Source records:

########

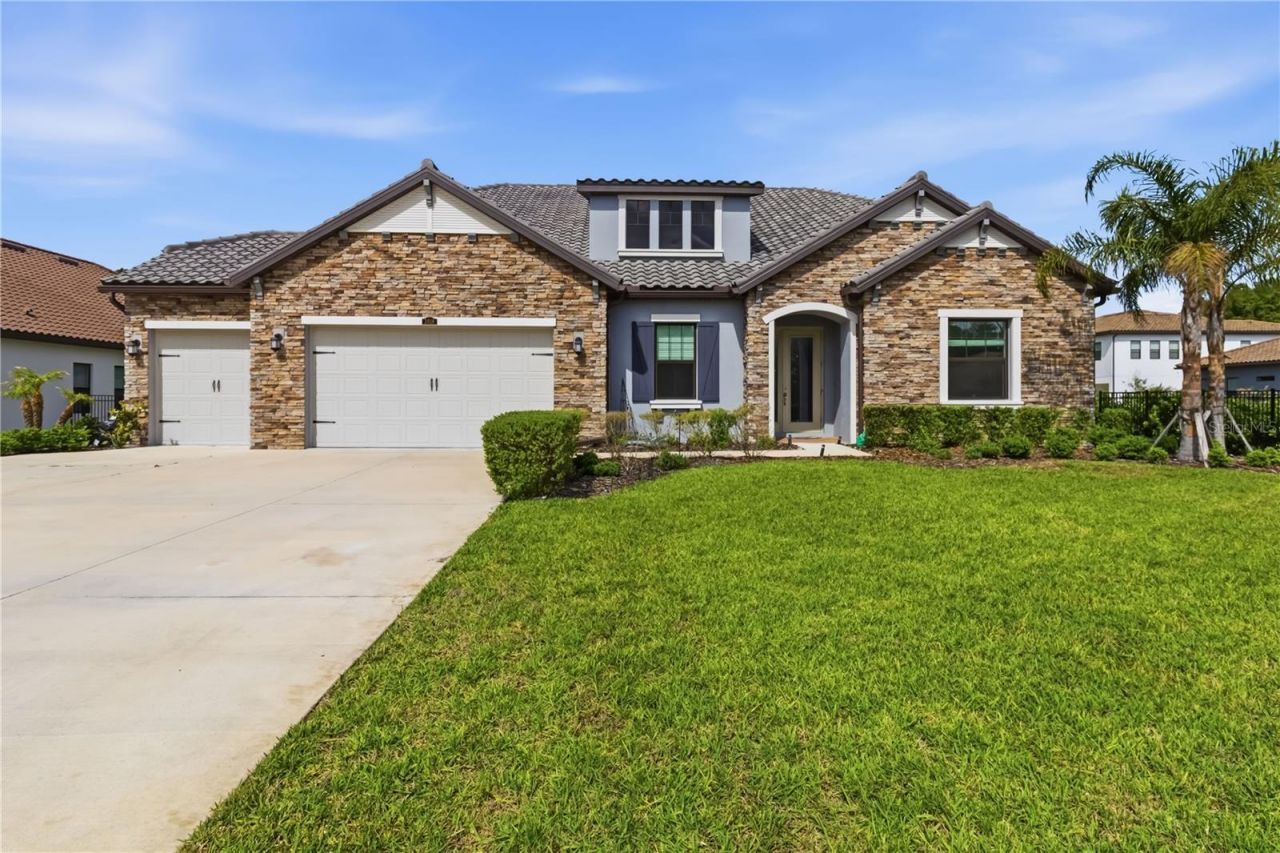 Luxuriously upgraded EAST-facing home in gated Cordoba Estates on a rare 0.62-acre lot backing to conservation with no rear neighbors. *This 3,033 sq ft home features 4 bedrooms, 3 baths, 3-car garage, private office with French doors, and a versatile flex room (office/gym/nursery). Enjoy ceramic tile throughout, high ceilings, and tray accents. Gourmet kitchen with 42 soft-close cabinets, quartz countertops, walk-in pantry, under-cabinet lighting, and spacious dining area. Expansive primary suite with spa-like bath, dual vanities, garden tub, large walk-in shower, and 2 custom walk-in closets. Includes whole-house water softener, RO system, and HVAC UV filtration. Massive backyard with serene conservation views. Resort-style amenities: pool, splash pad, playground, tennis/basketball courts, dog park. Prime location near Tampa Premium Outlets, Moffitt, airport & I-75/I-275. All measurements and details are approximate. Please verify if important.
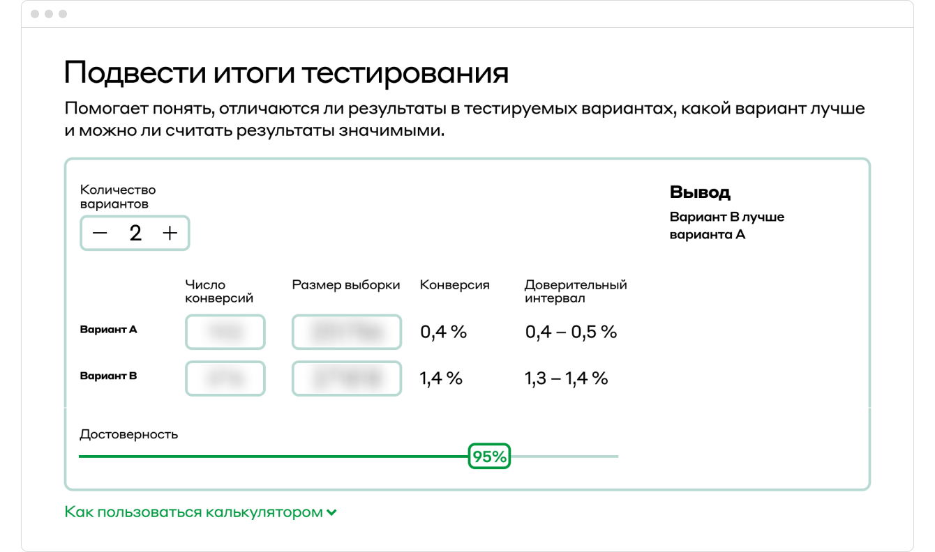 Доверительный интервал — конверсия при указанном уровне значимости. По умолчанию — 95%, то есть конверсия с вероятностью 95% находится среди значений доверительного интервала.
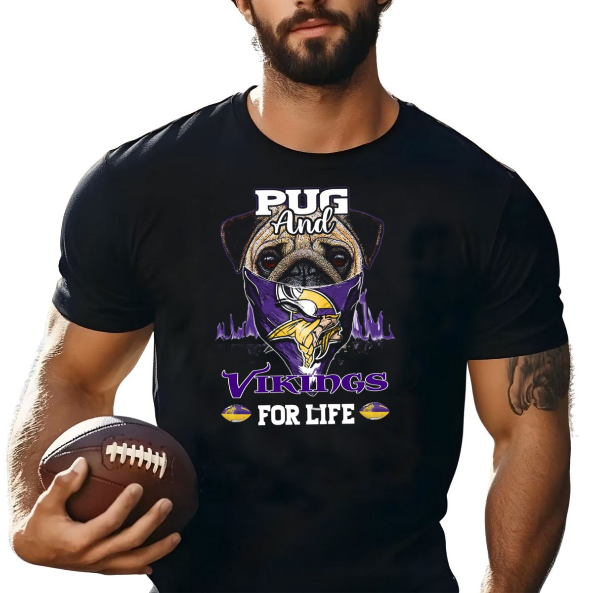 Celebrate your love for pugs and Vikings with this fan-made “Pug And Vikings For Life” T-shirt! Perfect for dog lovers and sports enthusiasts alike, this shirt combines humor and passion, making it an ideal choice for casual outings, themed events, or just lounging around. Proudly printed in the USA, this unique design showcases your personality and loyalty to your favorite furry friends and teams.
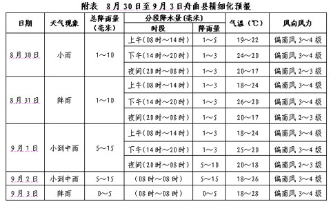 8月30日,舟曲縣及白龍江流域有小雨或陣雨。
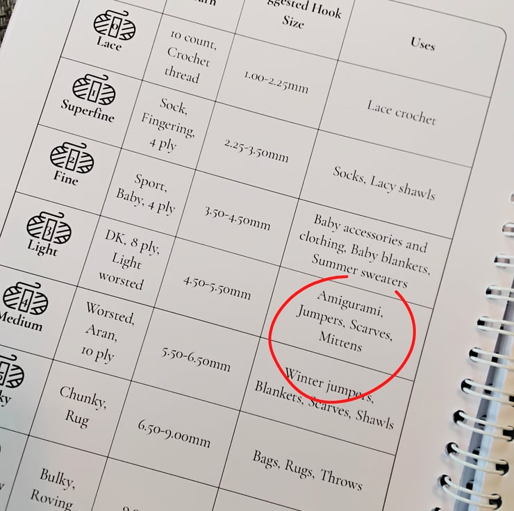 Yarn weights guide.

########

_TASK TO COMPLETE_. Leave out the pictures and retype the rest of the entries exactly.

_SOLUTION FOR THIS PROBLEM_.
 Luxuriously upgraded EAST-facing home in gated Cordoba Estates on a rare 0.62-acre lot backing to conservation with no rear neighbors. *This 3,033 sq ft home features 4 bedrooms, 3 baths, 3-car garage, private office with French doors, and a versatile flex room (office/gym/nursery). Enjoy ceramic tile throughout, high ceilings, and tray accents. Gourmet kitchen with 42 soft-close cabinets, quartz countertops, walk-in pantry, under-cabinet lighting, and spacious dining area. Expansive primary suite with spa-like bath, dual vanities, garden tub, large walk-in shower, and 2 custom walk-in closets. Includes whole-house water softener, RO system, and HVAC UV filtration. Massive backyard with serene conservation views. Resort-style amenities: pool, splash pad, playground, tennis/basketball courts, dog park. Prime location near Tampa Premium Outlets, Moffitt, airport & I-75/I-275. All measurements and details are approximate. Please verify if important.
 Доверительный интервал — конверсия при указанном уровне значимости. По умолчанию — 95%, то есть конверсия с вероятностью 95% находится среди значений доверительного интервала.
 Celebrate your love for pugs and Vikings with this fan-made “Pug And Vikings For Life” T-shirt! Perfect for dog lovers and sports enthusiasts alike, this shirt combines humor and passion, making it an ideal choice for casual outings, themed events, or just lounging around. Proudly printed in the USA, this unique design showcases your personality and loyalty to your favorite furry friends and teams.
 8月30日,舟曲縣及白龍江流域有小雨或陣雨。
 Yarn weights guide.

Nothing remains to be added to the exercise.